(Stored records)
-- Opening Marker --
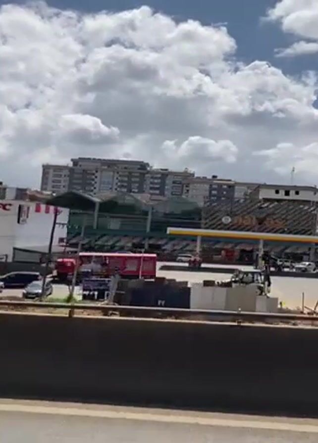 The video captures a scene of a bustling city intersection, likely in Africa. Shot from an elevated position, perhaps a bridge, the view encompasses a lively crossroads with moderate traffic including cars, small trucks, and buses. Pedestrians are seen crossing the street at various points. A prominent KFC restaurant is visible to the left, followed by a Shell gas station at the intersection's corner. Buildings of varied heights surround the intersection, some appearing as commercial or residential complexes. Above, a bright sky with numerous white clouds provides a dynamic backdrop to the urban landscape.
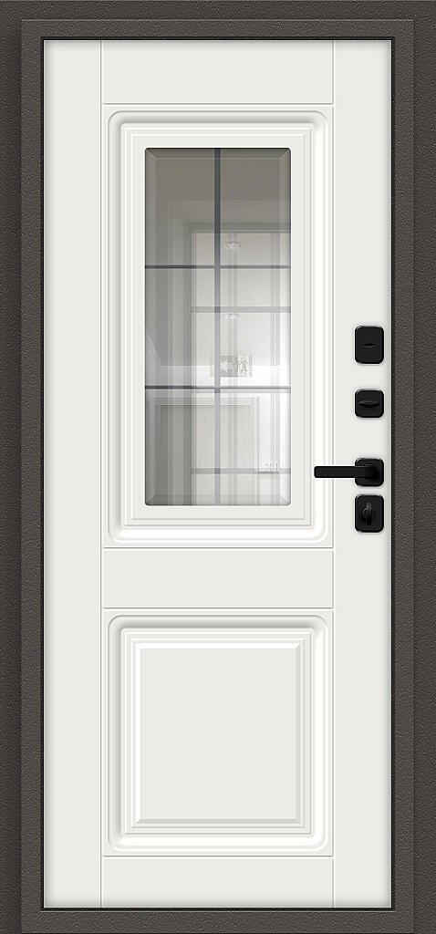 Стальной дверной блок энергосберегающей конструкции с двойным терморазрывом (термомостом) из натуральной пробки, четырехконтурным уплотнением и уникальным цилиндром с термоштоком. Поставляется с правым и левым открыванием наружу.
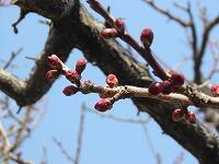 学校内にある梅の木に、つぼみがたくさんつきました。
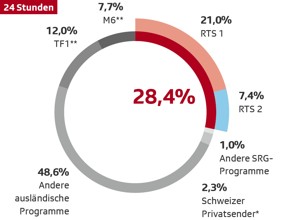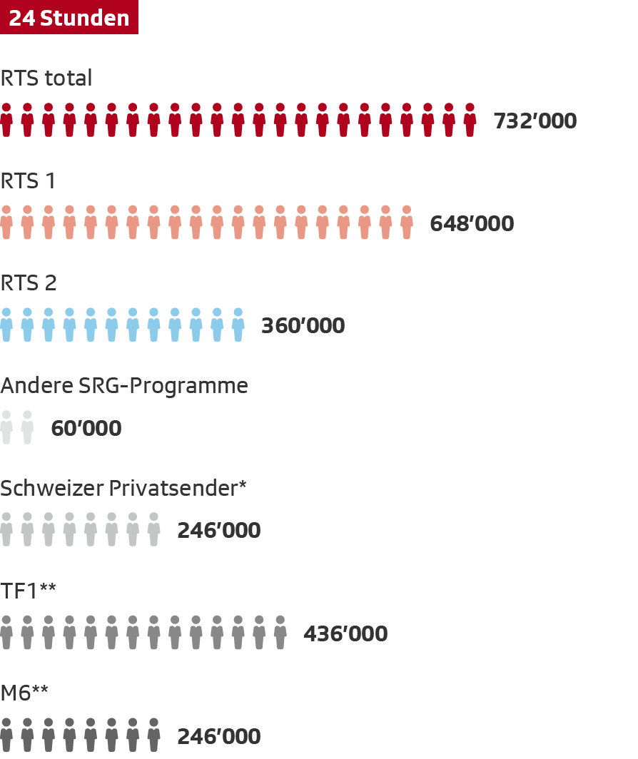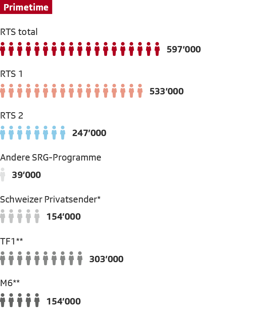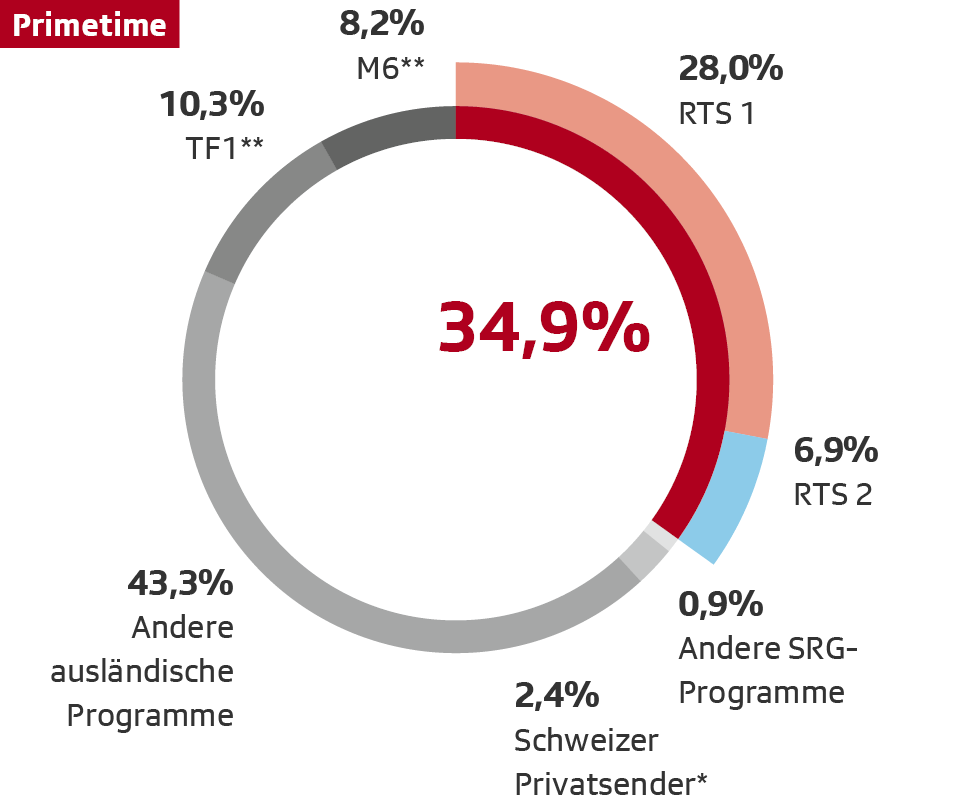 ** Bei diesen Sendern handelt es sich um die stärksten ausländischen Konkurrenten von RTS. Für die Sender TF1 und M6 wurde nur das Schweizer Signal einbezogen.
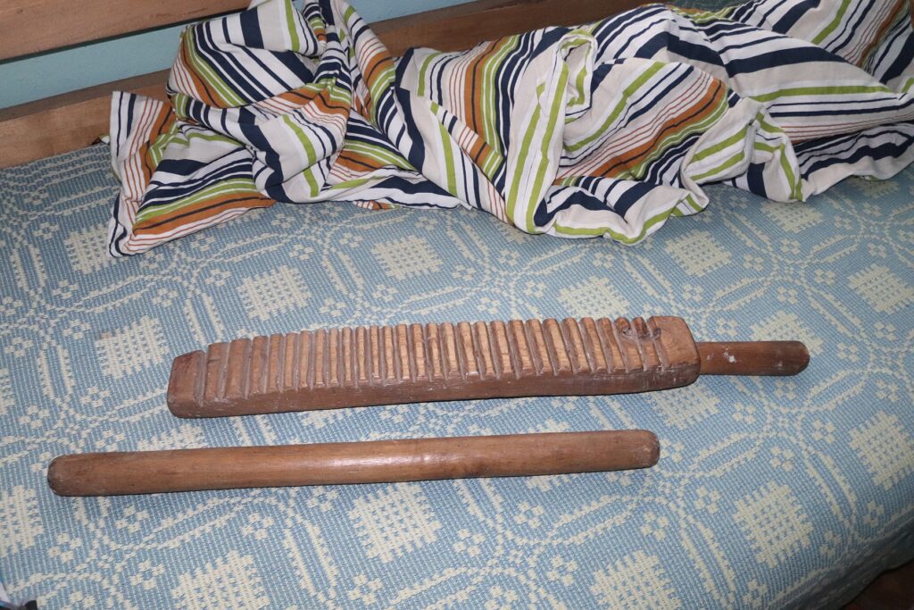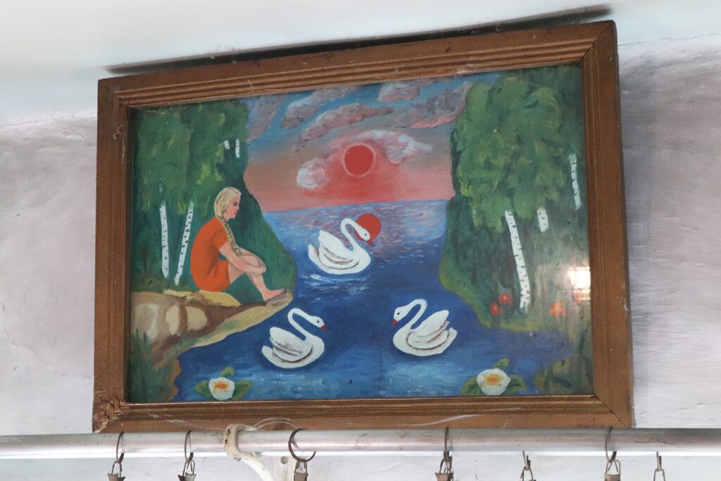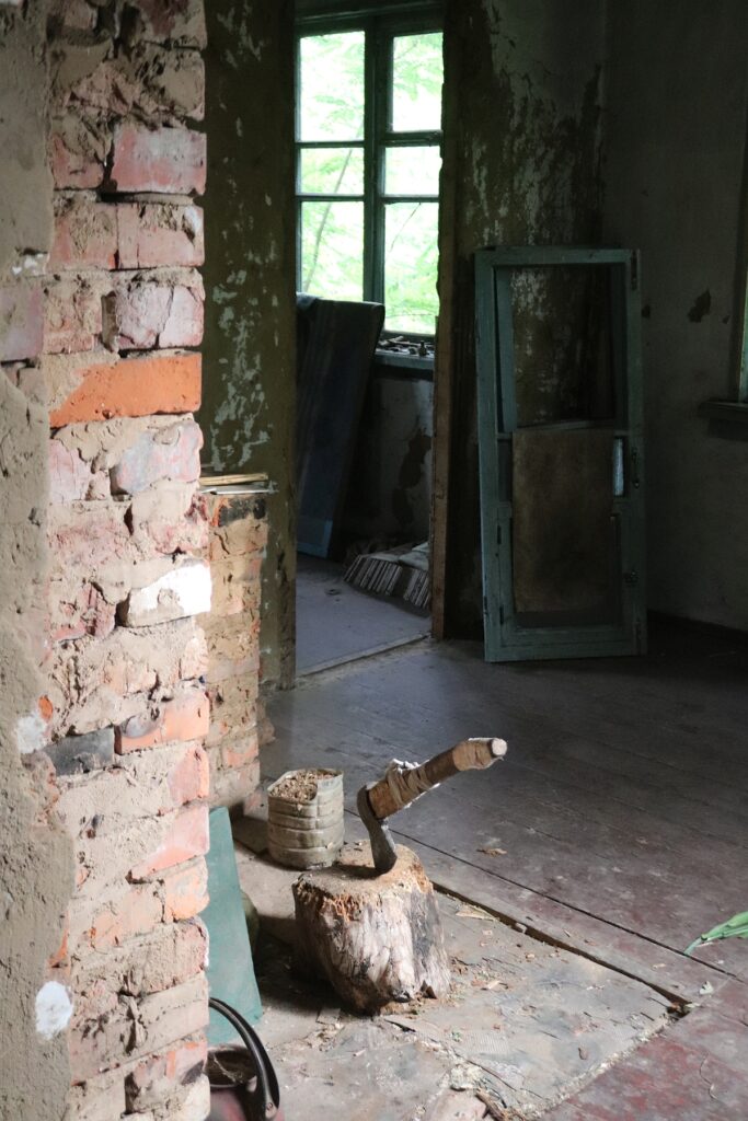 Ráno je chladno. Fouká od Běloruska. Jdu si zakouřit, kočka Gruzín mě sleduje přimhouřenýma očima. „Strášnyj ďaďko chadíl pakuríť,“ říká matka Vity. „Ďaďko ale neznamená dědek, ale strýc. Pak mi přináší rubeľ a kačaľku. Tak se pralo prádlo. Rubeľ připomíná řehtačku, ozubenou tyč, na kačaľku se namotalo prádlo. Pak se konečně vypravujeme na hřbitov. Je po dešti. Jdeme tam všichni i se sousedkou. Dáváme na náhrobek cukroví a sušenky. Maminka Vity políbila kříž. Cestou tam jsme procházeli místem, kde stávala továrna, konzervárna ovoce a udírna. Vše je zarostlé, ani cihly nezbyly, místní si je rozebrali na své stavby. Celá rozlehlá ves jako by se potápěla do zeleně, srůstala s ní, příroda si bere to, co člověk opustil.
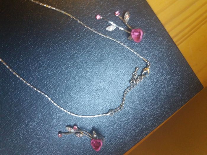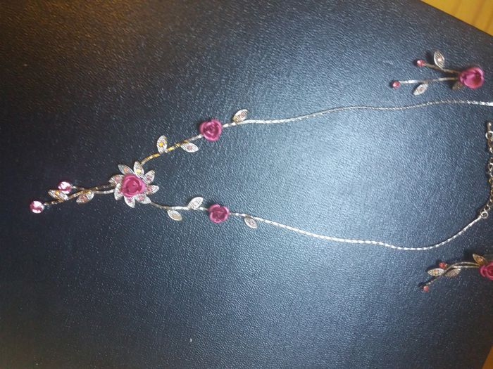 #parrure #bijoux #bouclesdoreilles #collier #fin #rose #fleur #argenté #fantaisie
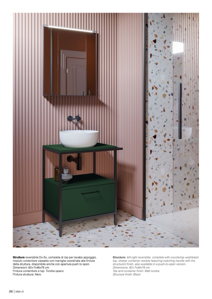 Struttura reversibile Dx-Sx, completa di top per lavabo appoggio,
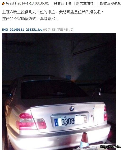 Beetle 發表於 2015-2-16 13:45 我也遇過一次,找了物管來也沒輒,只能在車後貼了張規勸單, 不過物管有另外安排個臨時停車位給我就是了! ...
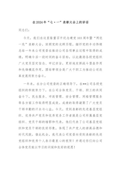 / 【七哥公文】2024年:在2024年“七·一”表彰大会上的讲话+更多免费公文+VX:QiGeGongWen2024
-- Closing Marker --
** WHAT THE EXERCISE ASKS **
Pictures excluded, quote all the data above exactly.

** TASK ANSWER **
 The video captures a scene of a bustling city intersection, likely in Africa. Shot from an elevated position, perhaps a bridge, the view encompasses a lively crossroads with moderate traffic including cars, small trucks, and buses. Pedestrians are seen crossing the street at various points. A prominent KFC restaurant is visible to the left, followed by a Shell gas station at the intersection's corner. Buildings of varied heights surround the intersection, some appearing as commercial or residential complexes. Above, a bright sky with numerous white clouds provides a dynamic backdrop to the urban landscape.
 Стальной дверной блок энергосберегающей конструкции с двойным терморазрывом (термомостом) из натуральной пробки, четырехконтурным уплотнением и уникальным цилиндром с термоштоком. Поставляется с правым и левым открыванием наружу.
 学校内にある梅の木に、つぼみがたくさんつきました。
 ** Bei diesen Sendern handelt es sich um die stärksten ausländischen Konkurrenten von RTS. Für die Sender TF1 und M6 wurde nur das Schweizer Signal einbezogen.
 Ráno je chladno. Fouká od Běloruska. Jdu si zakouřit, kočka Gruzín mě sleduje přimhouřenýma očima. „Strášnyj ďaďko chadíl pakuríť,“ říká matka Vity. „Ďaďko ale neznamená dědek, ale strýc. Pak mi přináší rubeľ a kačaľku. Tak se pralo prádlo. Rubeľ připomíná řehtačku, ozubenou tyč, na kačaľku se namotalo prádlo. Pak se konečně vypravujeme na hřbitov. Je po dešti. Jdeme tam všichni i se sousedkou. Dáváme na náhrobek cukroví a sušenky. Maminka Vity políbila kříž. Cestou tam jsme procházeli místem, kde stávala továrna, konzervárna ovoce a udírna. Vše je zarostlé, ani cihly nezbyly, místní si je rozebrali na své stavby. Celá rozlehlá ves jako by se potápěla do zeleně, srůstala s ní, příroda si bere to, co člověk opustil.
 #parrure #bijoux #bouclesdoreilles #collier #fin #rose #fleur #argenté #fantaisie
 Struttura reversibile Dx-Sx, completa di top per lavabo appoggio,
 Beetle 發表於 2015-2-16 13:45 我也遇過一次,找了物管來也沒輒,只能在車後貼了張規勸單, 不過物管有另外安排個臨時停車位給我就是了! ...
 / 【七哥公文】2024年:在2024年“七·一”表彰大会上的讲话+更多免费公文+VX:QiGeGongWen2024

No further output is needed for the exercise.